Western Folklife Center Board Member Kristi Overgaard (proprietor of Oniya Ranch) answered a few questions for us about her personal story, what draws her to the WFC, and why she thinks the WFC is important for everyone. For Kristi, it’s about culture, traditions, talent…and finding that different pace.
Tell us your (personal) story about life in the rural West.
I am blessed to be a fourth-generation Montanan. I am grateful for the values that I grew up with around being Montana-real, bringing a strong work ethic to my career, helping neighbors, and doing what is right even when no one was watching. The values of the rural West run deep in our family. My father taught me the love of land, the animals, who homesteaded where, and who their sisters, brothers, cousins, and parents were while driving country roads with a couple of bird dogs drooling on the back of our truck seats. We watched the weather, bred too many horses, and never really sold any horses. We love our horses.

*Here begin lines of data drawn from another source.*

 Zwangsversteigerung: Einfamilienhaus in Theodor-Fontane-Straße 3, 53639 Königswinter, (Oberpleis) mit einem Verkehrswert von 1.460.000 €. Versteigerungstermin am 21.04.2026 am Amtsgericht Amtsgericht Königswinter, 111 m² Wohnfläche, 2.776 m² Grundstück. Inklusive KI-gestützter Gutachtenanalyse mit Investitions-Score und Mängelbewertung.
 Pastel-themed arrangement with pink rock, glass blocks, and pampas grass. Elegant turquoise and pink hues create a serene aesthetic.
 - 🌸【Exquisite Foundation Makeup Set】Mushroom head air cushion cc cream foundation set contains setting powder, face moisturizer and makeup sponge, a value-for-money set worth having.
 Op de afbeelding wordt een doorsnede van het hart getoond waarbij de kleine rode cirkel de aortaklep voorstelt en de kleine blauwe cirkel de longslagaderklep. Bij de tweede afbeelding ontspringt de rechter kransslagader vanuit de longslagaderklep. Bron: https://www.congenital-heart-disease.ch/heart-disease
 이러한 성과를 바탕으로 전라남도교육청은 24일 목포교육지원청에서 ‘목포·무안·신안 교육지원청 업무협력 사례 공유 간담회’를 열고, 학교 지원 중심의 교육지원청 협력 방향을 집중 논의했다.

Life circumstances brought me out of Montana to experience Nevada with country-western dancing, big city experiences, boundless possibilities, challenging careers, and beautiful people. Montana drew me back home three years ago and while the Montana roots never left me or my actions, coming home feels like a soulful reunion with the Beartooth Mountains, family, dirt roads, country traditions, seas of cowboy hats, bales of hay, and of course more horses!

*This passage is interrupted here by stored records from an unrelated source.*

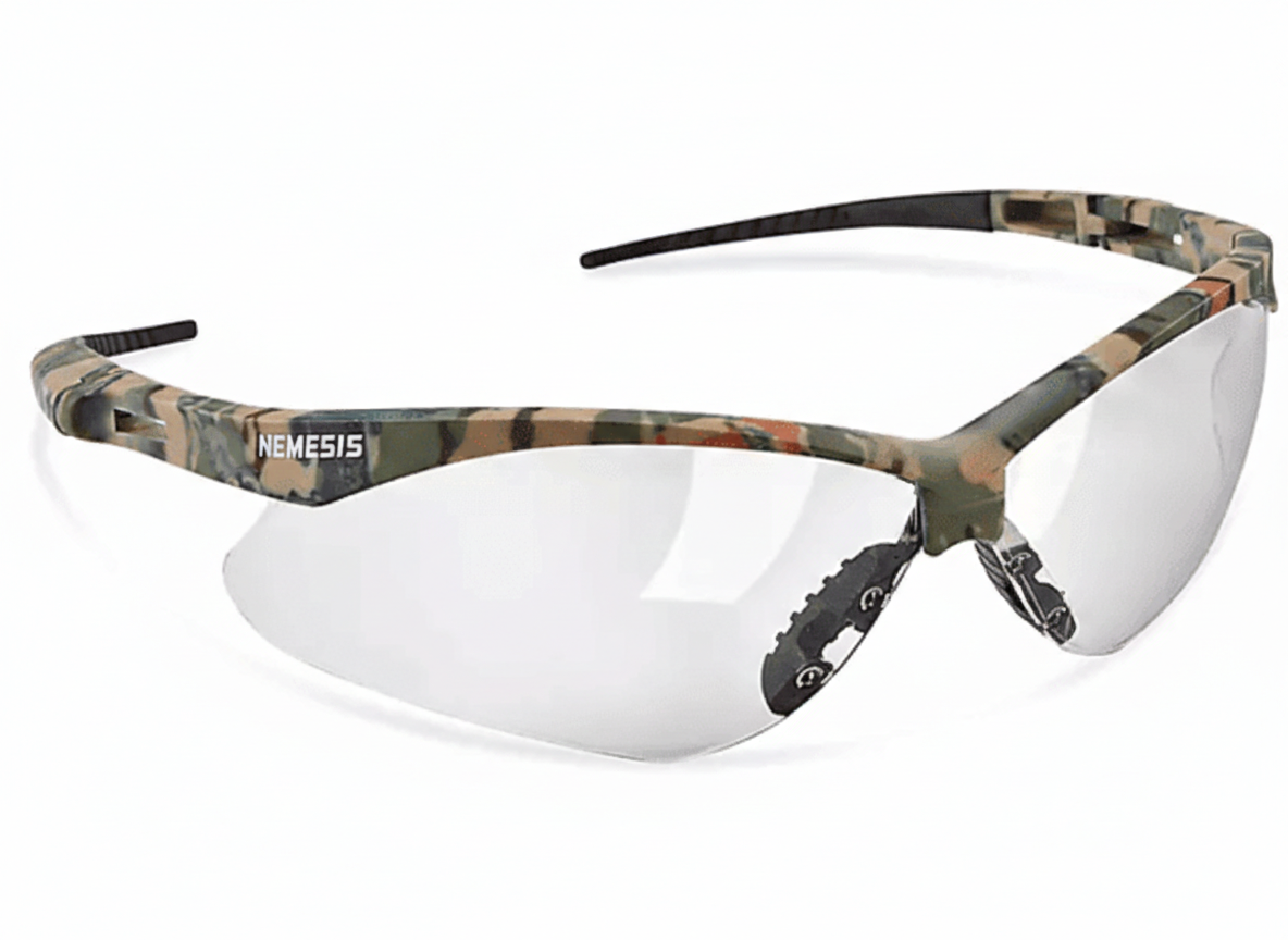 Sporty design for outdoor work. Soft-touch temples. Includes adjustable nylon strap. Anti-fog, anti-scratch lens. 99.9% UV protection.
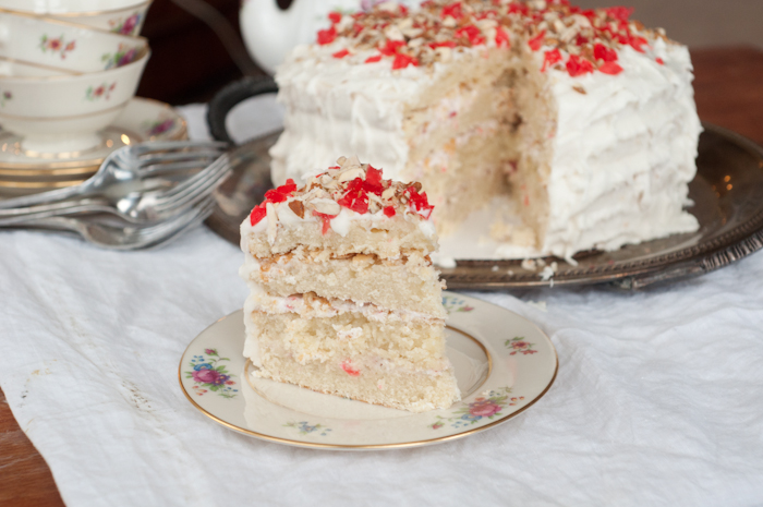 Frost top and sides of the cake with remaining half of the 7-minute frosting. Scatter remaining chopped cherries and nuts over the top of the cake. Serve and enjoy.
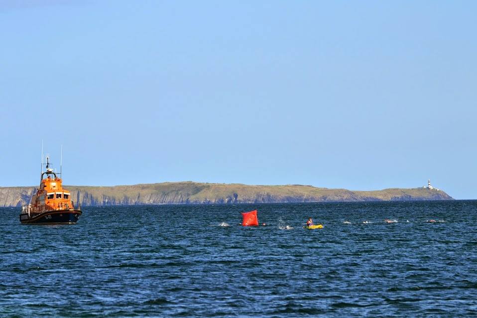 Ned Denison is in the picture too. Ned has yet to win the premier event in the Irish OWS calendar – the Church Bay swim, of course – and he can’t hurl (no touch).
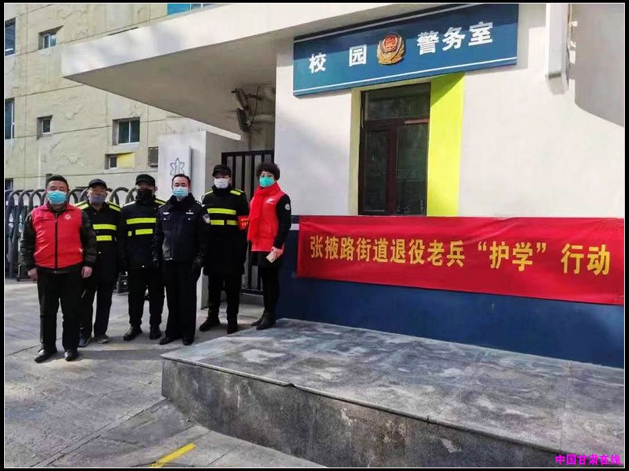 中国甘肃在线兰州讯(赵小春、王学明报道)2021年12月29日,天空碧蓝,暖阳融融。上午十一点二十分,兰州市城关区张掖路街道退役军人徐启生、杨新喜、张恒林,穿着退役军人标识的反光马夹,佩戴张掖路街道退役军人志愿者袖标,早早来到兰州市静宁路小学。学校警务室门口,悬挂着“退役军人志愿者“护学”行动的横幅标语。他们与社区志愿者、学校警务室民警、保安一起,拉开了张掖路街道呵护花朵安全行、退役军人在践行“护学”行动的序幕。
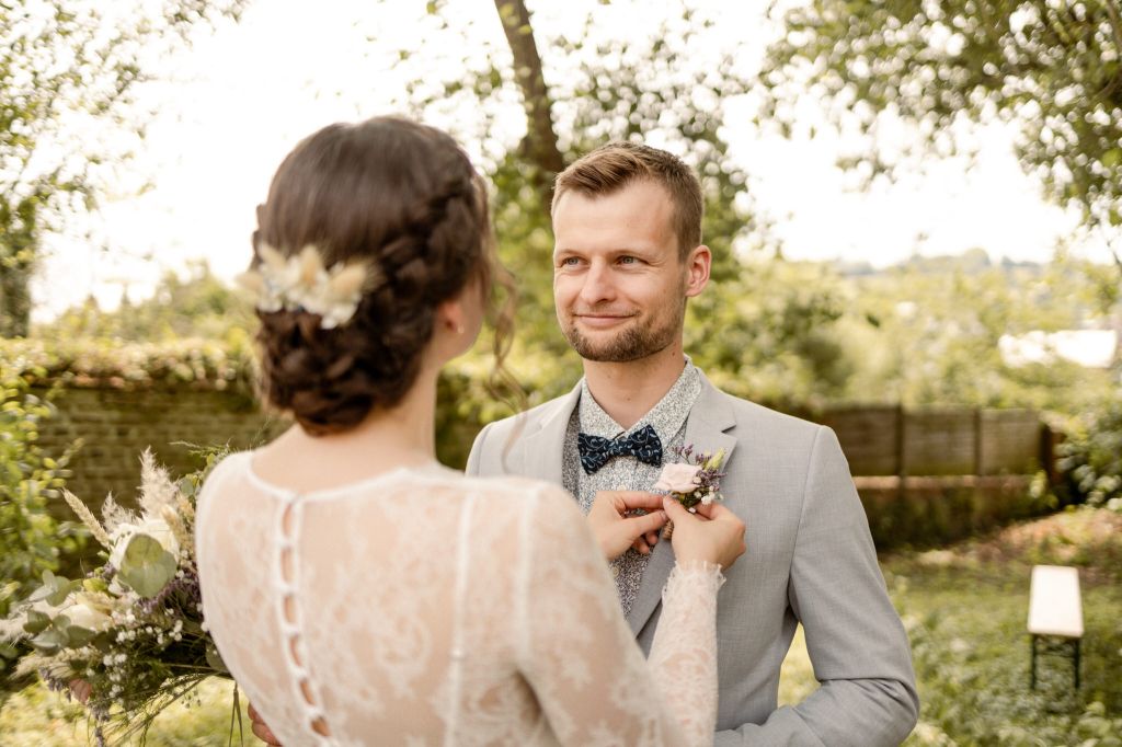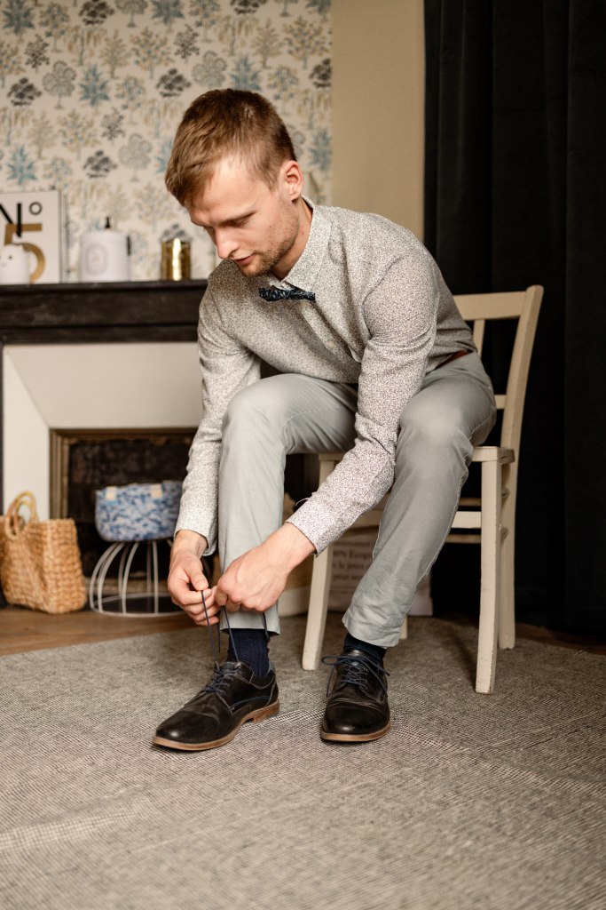 Pendant ce temps Camille est arrivée dans la maison de famille où se déroulerait la cérémonie laïque. Elle a soigneusement pris de très belles photos de la maison et des détails de nos tenues (bijoux, parfum, noeud papillon…). L’habillage de Rémi, entouré de ses parents, son frère et sa sœur a ensuite commencé.

What has the WFC brought to your life?
WFC is a beautiful way for me to never lose sight of what made and continues to make those rural western roots so important to everyone and anyone from any background. For me, the storytelling with insights into a simpler, harder, and all the while more beautiful life, bring those beautiful values front and center for me to remember and realize that less can be so much more. Being present on the land, communing and partnering with animals, collaborating with neighbors, and living in gratitude for nature, family, music, and the emotions that come with being alive are so beautifully woven at every event that WFC presents. The most important thing that WFC has given me was the experience of sharing the Gathering with my father who was beyond proud of my involvement with something that means the world to him. He never wants the rural western ways to be abandoned.
Describe the WFC in three words.
Culture, Traditions, Talent
What do you think is the WFC's most significant impact?
Keeping rural western ways illuminated and shared with all cultures in a way that sends participants off with a different pace and a large dose of grace.